USDA to Present New Steps to Prevent Food Tampering

WASHINGTON - Agriculture Secretary Ann Veneman is expected today to urge U.S. meat, poultry and egg plants to seal shipments and take other steps to protect the nation's food supply from deliberate contamination, Reuters reports.

The department has prepared six pages of food safety guidelines telling plants how they should manage their security, production, workers, transportation and storage.
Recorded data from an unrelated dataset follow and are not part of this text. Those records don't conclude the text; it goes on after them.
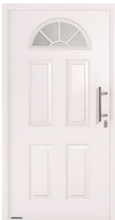
Modello Thermo46 Motivo 200

Grazie al bianco traffico satinato (RAL 9016) e al vetro cattedrale a battitura fine con traverse appoggiate nella parte alta, la porta d'ingresso Thermo46 presenta in questa versione un sapore un po' country chic.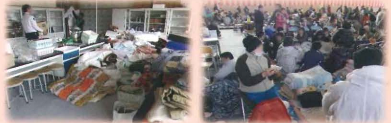
【東日本大震災当時の陸前高田市の避難所の様子】

指定避難運営の基本的な考え方は、避難者による「 自主運営 」となります。災害の備えとして市公式ウェブサイトや指定避難所に設置してある「指定避難所マニュアル」を確認しましょう。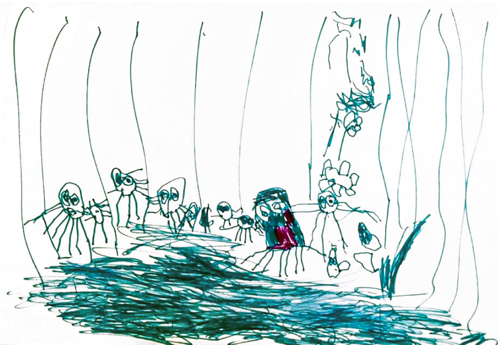
con sus amigos , papás y mamás.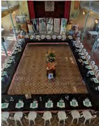
Societat Agrícola i Secció de Crèdit de Valls, SCCL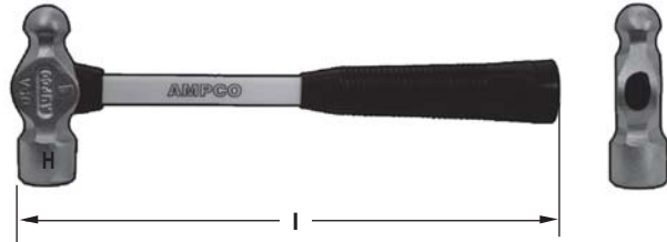
Hammer, Ball Peen Marteau d'ajusteur, emmanché, type américain Martillo de Ingeniero with Fiberglass Handle

Los mangos pueden comprarse por separado.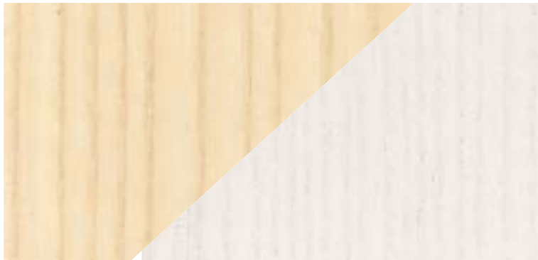
NATURAL ASH FRESNO NATURAL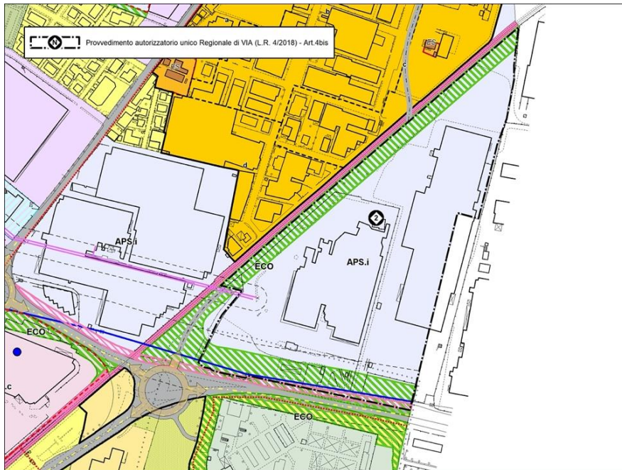
Estratto PSC del Comune di Sassuolo - Variante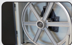
2 Volants fonte d'aluminium 305 mm 2x 305 mm cast aluminium wheels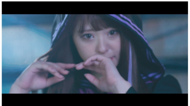
(ミュージックビデオより、ダンスとリップシンクシーン)

楽曲のBPM（楽曲のテンポ）を135に設定。アイドルのミュージックビデオでは欠かせないリップシンクの撮影では、楽曲が無いため過去の楽曲からBPMに近い曲を参考に歌っているニュアンスを残しながら、口元をやや隠すなど、試行錯誤し撮影。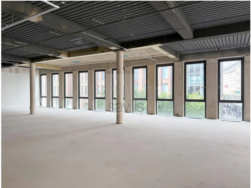
Rohbau 2. OG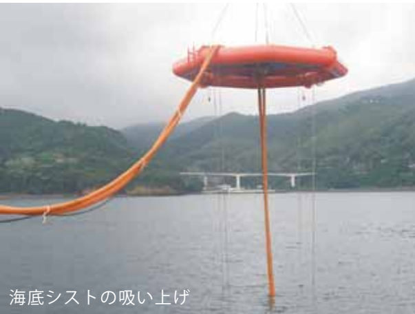
海底シストの吸い上げ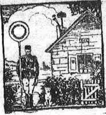
Ott áll a háziakja előtt...

retettel a velünk együtt „utazókat”. Vegyük tudomásul az érdekünkben dolgozók munkáját s fizessünk érte pénzen kívül lélekkel. A kétségek ködéből előcsillanó kereszt átható fénye mellett nézünk az emberben a felebarátot, akit épp úgy kell szeretnünk, mint saját magunkat. Az élet gondját, bűjét pedig mérgeassuk mindig az örök-kévalóság perspektívájában.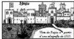
Vista de Ripoll a partir d'una il·lustració de 1215.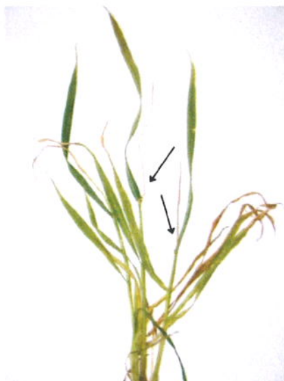
Obr. 3 – Zasychání vrcholů u pokročilých odnoží v důsledku jejich vymrznutí

a biotické faktory, jako jsou například sucho, další mrazy, virózy, houby či škůdci. Na druhé straně je třeba uvést, že rostliny ozimů mají v tuto dobu ještě velkou schopnost regenerace a existuje i řada kompenzačních možností, které mohou výrazně zmírnit negativní dopady na výnos ozimů. Z biologických vlastností je to např. dodatečná tvorba odnoží u obilnin či urychlení vývoje květenství na postranních větvích u řepky.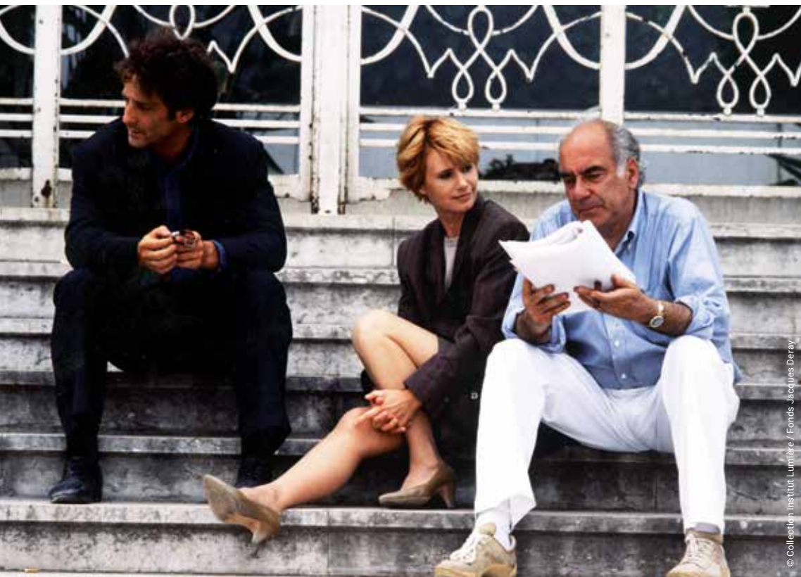
Vincent Lindon, Miou-Miou et Jacques Deray sur le tournage de Netchaïev est de retour (1991)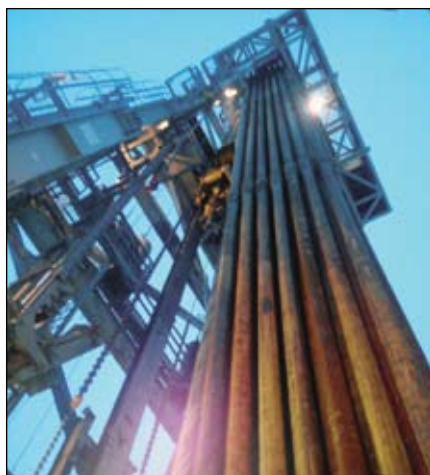
Вид на мачту изнутри буровой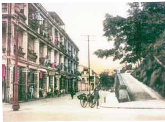
● 由梳士巴利道望廣東道，1910年。正中是九龍倉。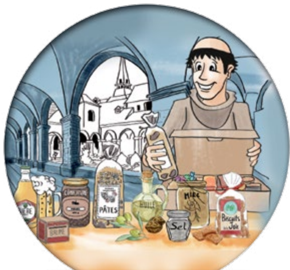
La première box des monastères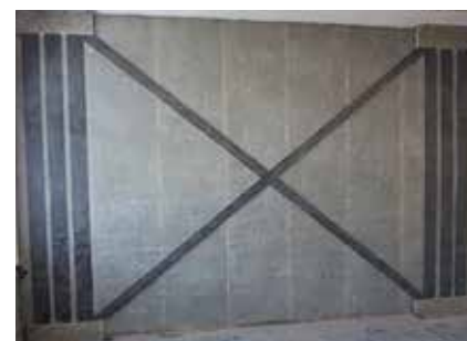
Renforcement de maçonnerie (parasismique)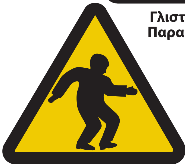
Δεν βαστάνε τα πόδια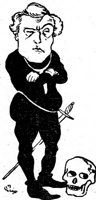
Beregi Oszkár, a „szovjet-színész” Hamlet szerepében: „Lenin vagy nem Lenin!”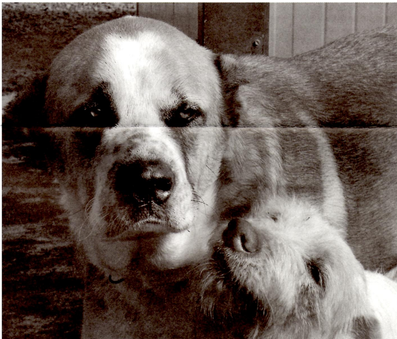
Ook de honden in het asiel namen afscheid van hun grote vriend

was iedereen in Malagón verrukt met de adoptie en daarmee de kans op een normaal leven voor deze lieve slungel; tegelijkertijd moesten de vrijwilligers toegeven dat ze deze bijzondere hond heel erg zullen missen. Vanaf de eerste dag had hij een warm plekje in het hart van velen.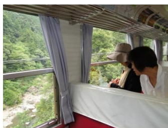
【移動】 車窓から根尾谷溪谷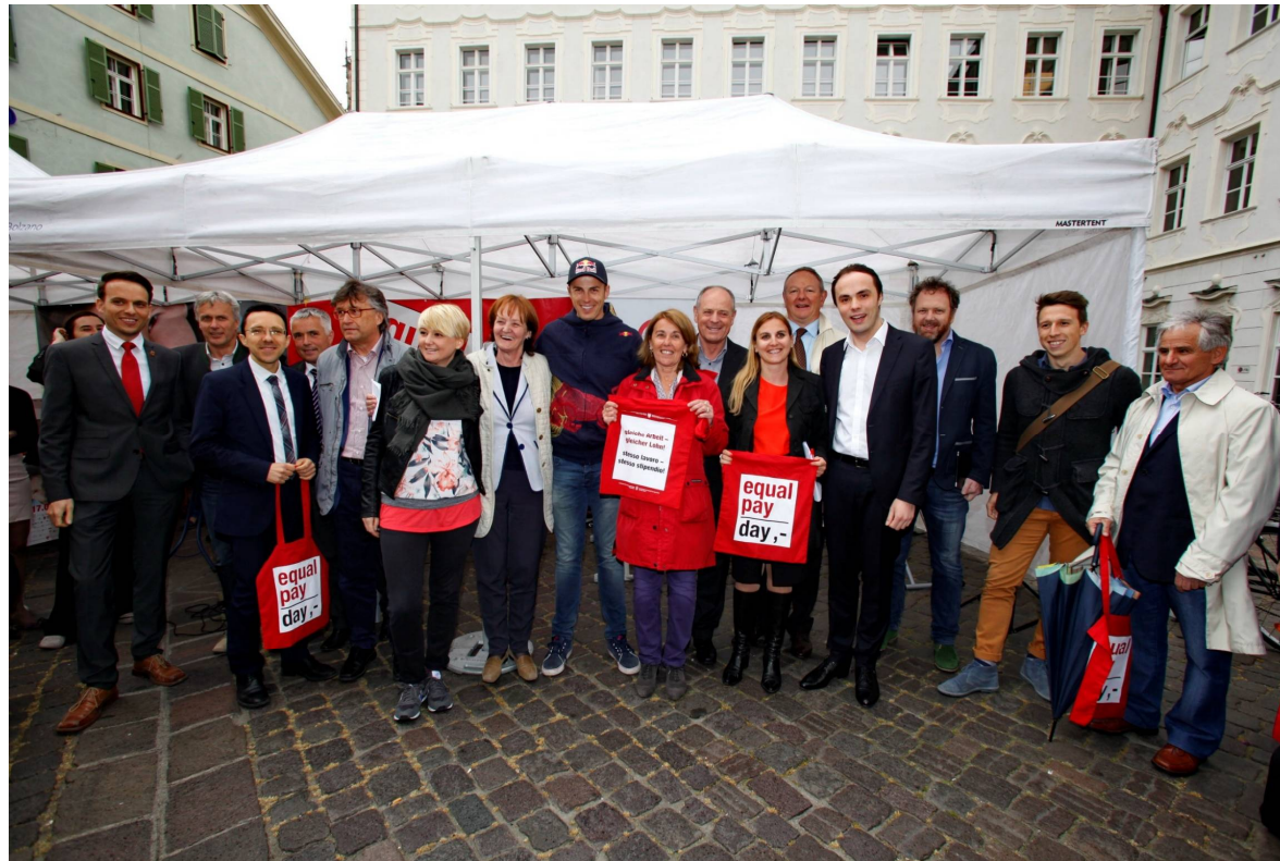
Snowboarder Roland Fischnaller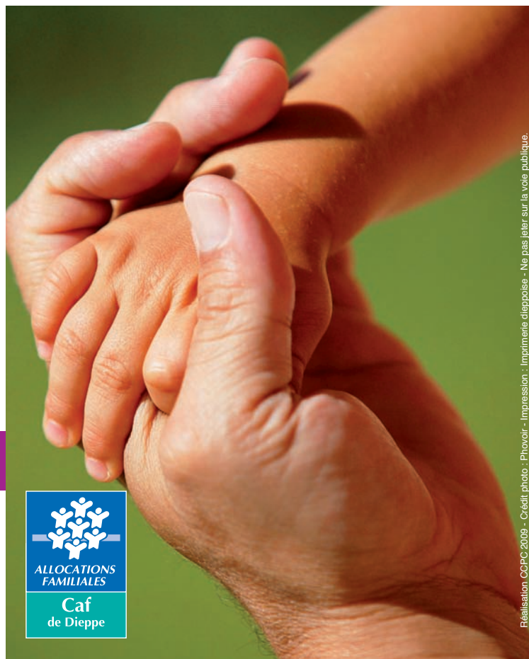
Réalisation: CCFPC 2009 - Impression: Imprimerie dieppoise - Ne pas jeter sur la voie publique.

Although the guidelines will likely be given to all the department's meat inspectors, they are not mandatory, according to Reuters.

USDA said Veneman will also detail how the agency plans to use the $328 million recently appropriated by Congress to improve food and farm safety.

The USDA guidelines urged food companies to:

-- Seal all outgoing food shipments with tamper-proof, numbered seals that are included on the shipping documents.

-- Create a food security management team and coordinator for each plant or company.

-- Develop a plan for notifying the police of threats, responding to actual product tampering and evacuating a facility if necessary.

-- Conduct food security drills periodically.

-- Adopt procedures to trace the source of all raw materials, and to trace the delivery points of all finished products.

-- Use guards, alarms, cameras or other security hardware on doors, windows, roof openings, railcars, bulk storage tanks and trailers.

-- Maintain a current list of plant workers with access to the building.

-- Control entry to a plant by requiring photo IDs and sign-in procedures.

-- Prepare a daily inventory of hazardous chemicals at the plant and investigate any missing items immediately.

In other news, Secretary Veneman on Wednesday ruled out allowing meat to be labeled as grown in North America if it is produced in Canada, Mexico or the United States, according to Reuters.